Given that the LM8 osteosarcoma tumor model is known to form spontaneous lung metastases, we determined metastasis scores among the experimental groups. Figure 5A shows the macroscopic appearance of the whole lung at the end of the study. All the experimental groups displayed macroscopic lung metastasis. Lung metastases were scored on HES-stained sections (Fig. 5B,C). C-MBRT and CT irradiations decreased the metastasis score compared to the non-irradiated controls (fold-change of 0.80 and 0.15, respectively). CT irradiations also decreased the metastasis score compared to the C-MBRT (fold-change of 0.19).

Fig. 5.

Fig. 5

LM8 osteosarcoma metastasis score following C-MBRT and CT, 28 days after irradiation. (A) Macroscopic aspect of the whole lungs at the end of the study. (B) Representative images of HES staining of the lungs. (C) The graphic represents the lung metastasis score: in black = non-irradiated controls; in blue = C-MBRT irradiated group; and red = CT irradiated group. Data are represented as the mean ± Standard Deviation (SD). Statistical analysis regarding the lung metastasis score was done using One-Way ANOVA and Tukey’s multiple comparisons test. p-values < 0.05 were considered significant. *p < 0.05; **p < 0.01; ***p < 0.001; ****p-value < 0.0001.

Discussion

Despite remarkable progress in the radiotherapy domain, some radioresistant tumors remain without effective treatment. Unconventional techniques activating distinct biological mechanisms and leading to toxicity reduction and more favorable immune and vascular effects could be pivotal innovations for those difficult-to-treat cases. Along this line, MBRT is a technique that employs a distinct dose delivery method and exploits the different radiobiology triggered by spatial dose heterogeneity1. X-rays and protons MBRT have already demonstrated an important widening of the therapeutic window for aggressive tumor models, such as gliomas9,10,35. Combining MBRT and carbon ions could bring further advantages related to heavy ions’ physical and biological characteristics13.
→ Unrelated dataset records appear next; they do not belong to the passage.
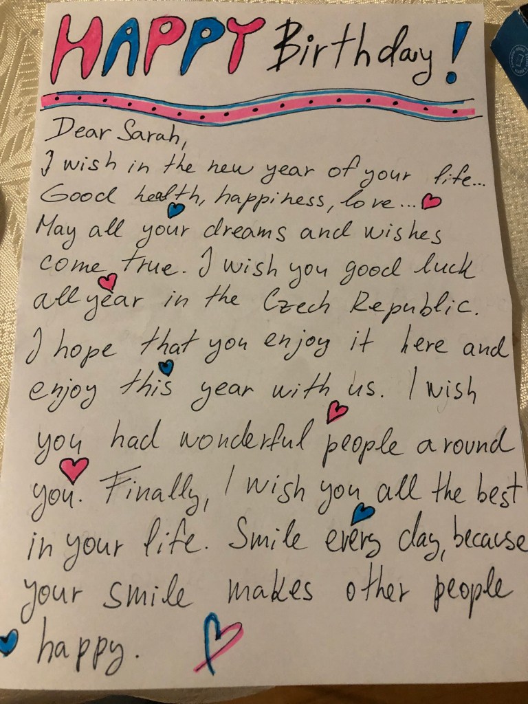Finally, my birthday was this past week and it was the first birthday I was not able to share with my family. I was worried how the day would pan out but my school community, and new Czech family, exceeded my expectations. The teachers and students sang, made cakes, and brought me lots of chocolate, some jewelry, and even a stuffed elephant and a couple jars of peanut butter. I also went out with a fellow Fulbrighter and another friend for pizza, and of course Czech beer, in the town square and received several thoughtful gifts, cards and calls from loved ones back home. Everybody also congratulated me all day, and gave me two kisses on my cheek – a Czech birthday tradition, signifying a celebration of another year you have survived!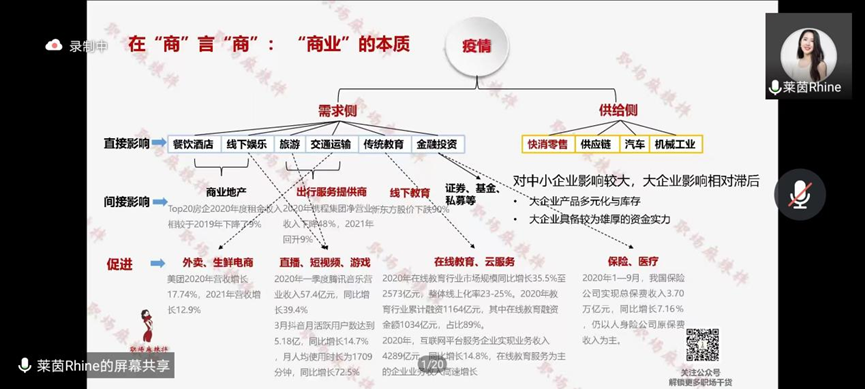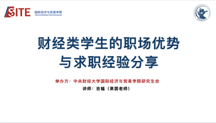 為響應(yīng)同學(xué)們對(duì)于就業(yè)指導(dǎo)的強(qiáng)烈需求,中央財(cái)經(jīng)大學(xué)國(guó)際經(jīng)濟(jì)與貿(mào)易學(xué)院研究生院于4月10日19:00順利舉辦了“財(cái)經(jīng)類(lèi)學(xué)生的職場(chǎng)優(yōu)勢(shì)與求職經(jīng)驗(yàn)”線(xiàn)上指導(dǎo)講座。本場(chǎng)講座特邀萊茵老師為從核心競(jìng)爭(zhēng)力規(guī)劃的角度向同學(xué)們分享求職經(jīng)驗(yàn)。本次講座由國(guó)際經(jīng)濟(jì)與貿(mào)易學(xué)院研究生會(huì)代表潘盈忱主持,國(guó)際經(jīng)濟(jì)與貿(mào)易學(xué)院李倩老師、趙旭老師出席本次講座,各學(xué)院同學(xué)廣泛地參加了此次活動(dòng)。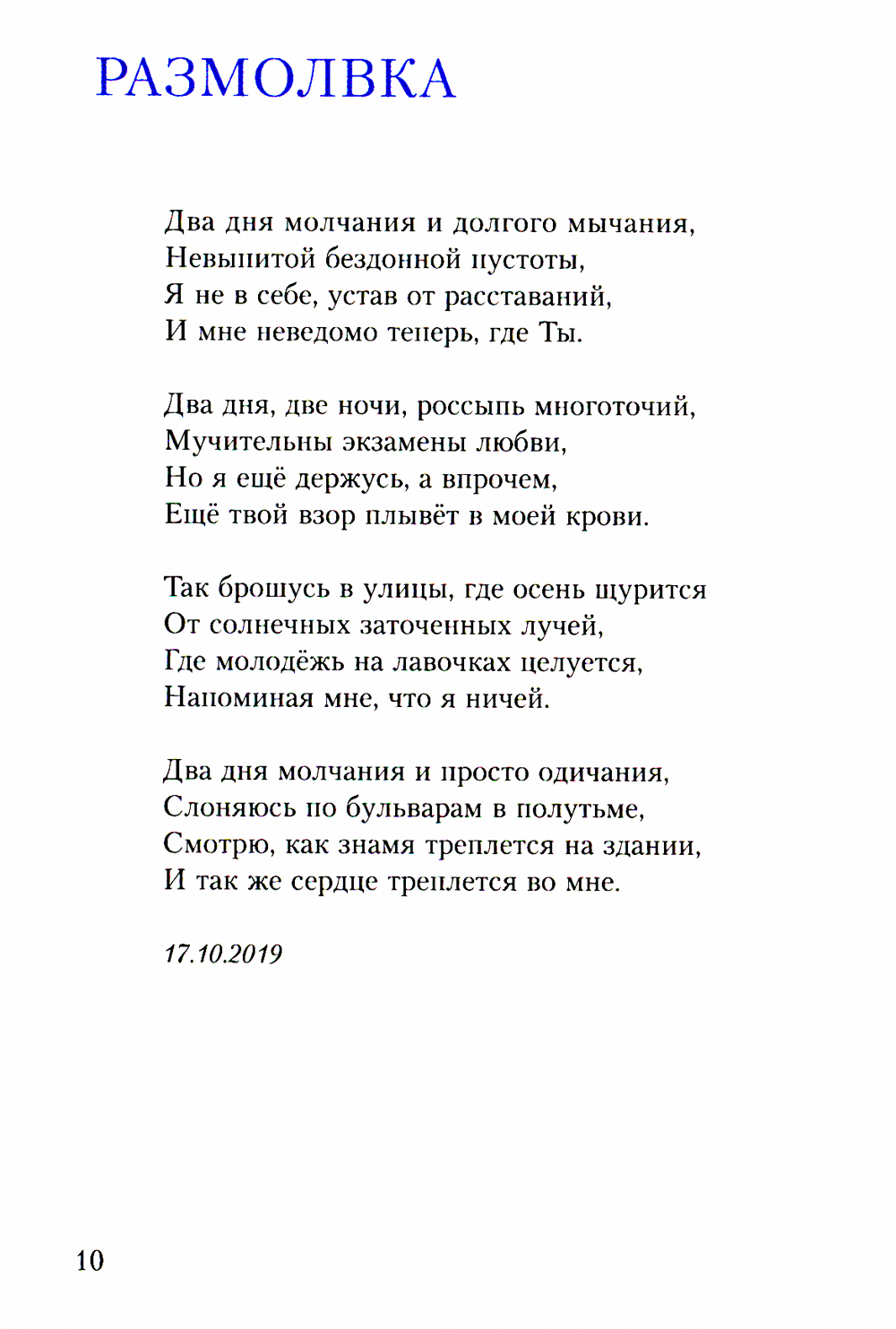 Из этой книги читатель вынесет много знаний и много эмоций. Картины мира здесь переплетаются с размышлениями о жизни, а восторженные экстатические любовные переживания с философскими рецептами и наставлениями. Книга даст что-то своё читателям всех возрастов и поможет открыть для себя значимое имя в поэтической палитре современной России.| Издательство | ИПО "У Никитских ворот" |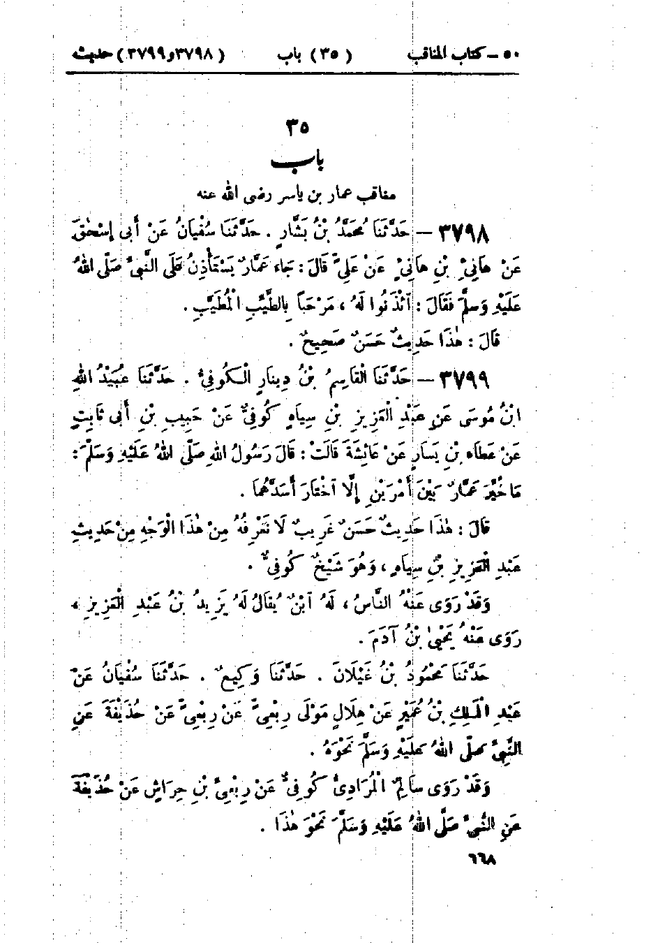 3798 - حَدَّثَنَا مُحَمَّدُ بْنُ بَشَّارٍ قَالَ: حَدَّثَنَا عَبْدُ الرَّحْمَنِ بْنُ مَهْدِيٍّ قَالَ: حَدَّثَنَا سُفْيَانُ، عَنْ أَبِي إِسْحَاقَ، عَنْ هَانِئِ بْنِ هَانِئٍ، عَنْ عَلِيٍّ، قَالَ: جَاءَ عَمَّارٌ يَسْتَأْذِنُ عَلَى النَّبِيِّ صَلَّى اللَّهُ عَلَيْهِ وَسَلَّمَ فَقَالَ: «§ائْذَنُوا لَهُ، مَرْحَبًا بِالطَّيِّبِ المُطَيَّبِ» هَذَا حَدِيثٌ حَسَنٌ صَحِيحٌ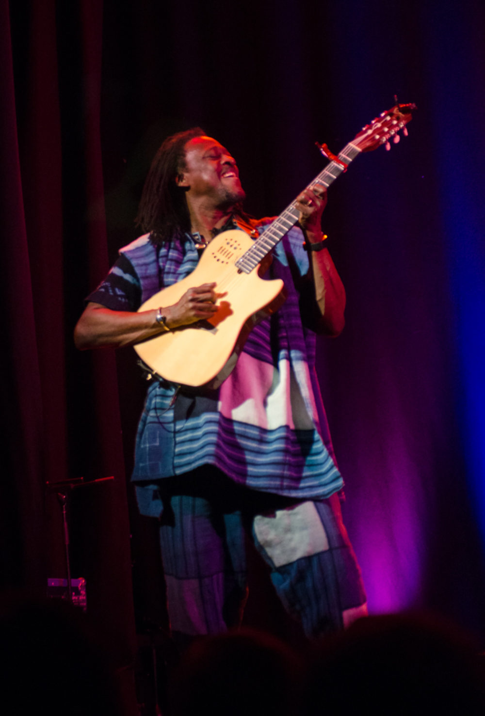 Despite all this sturm und drang, Boston presenter World Music came up with an elegant solution for this concert. The show would open with Derek Gripper and African Strings, a new project in which the South African classical guitarist, who has made a career out of playing mostly music from Mali, is backed by Congolese guitarist Jaja Bashengezi and Ugandan multi-instrumentalist Kinobe. These two outstanding musicians now live in Washington D.C., and combine their talents on each other’s work and other projects, including recently the debut album by the Congolese/American vocal duo Nsimbi.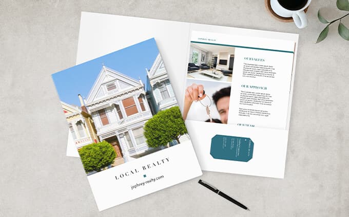 · Stay organized and on-brand with custom folders and matching business cards.

Previous dosimetry evaluations of C-MBRT suggested favorable dose distributions for normal tissue sparing thanks to the reduced lateral scattering of heavy ions18. However, this also implies that highly heterogeneous dose distributions are also to be expected in the target. While tumor control has been obtained with heterogeneous dose distributions in X-rays and proton MBRT10,12, the peak-to-valley dose ratio in C-MBRT is 5–7 times higher. The distributions are, therefore, more heterogeneous. To the best of our knowledge, this is the first evaluation of tumor control following C-MBRT.

Osteosarcoma is the most common bone tumor in adolescents and young adults, with a 5-year survival rate of 65–70%. However, some patients develop resistance, relapse, or metastases, leading to a significantly reduced survival rate of 5–20%, highlighting the urgent need for improved treatments36. Osteosarcoma is known for its radioresistance, making it challenging to treat with conventional radiation therapy34. Advanced radiation therapies, such as SBRT and particle therapy, including carbon ion therapy, have shown promise in improving outcomes. Carbon ions, with their higher linear energy transfer (LET) and enhanced biological effect, combined with the healthy tissue preservation and antitumor immune response of MBRT, could offer potential benefits for radioresistant tumors like osteosarcoma.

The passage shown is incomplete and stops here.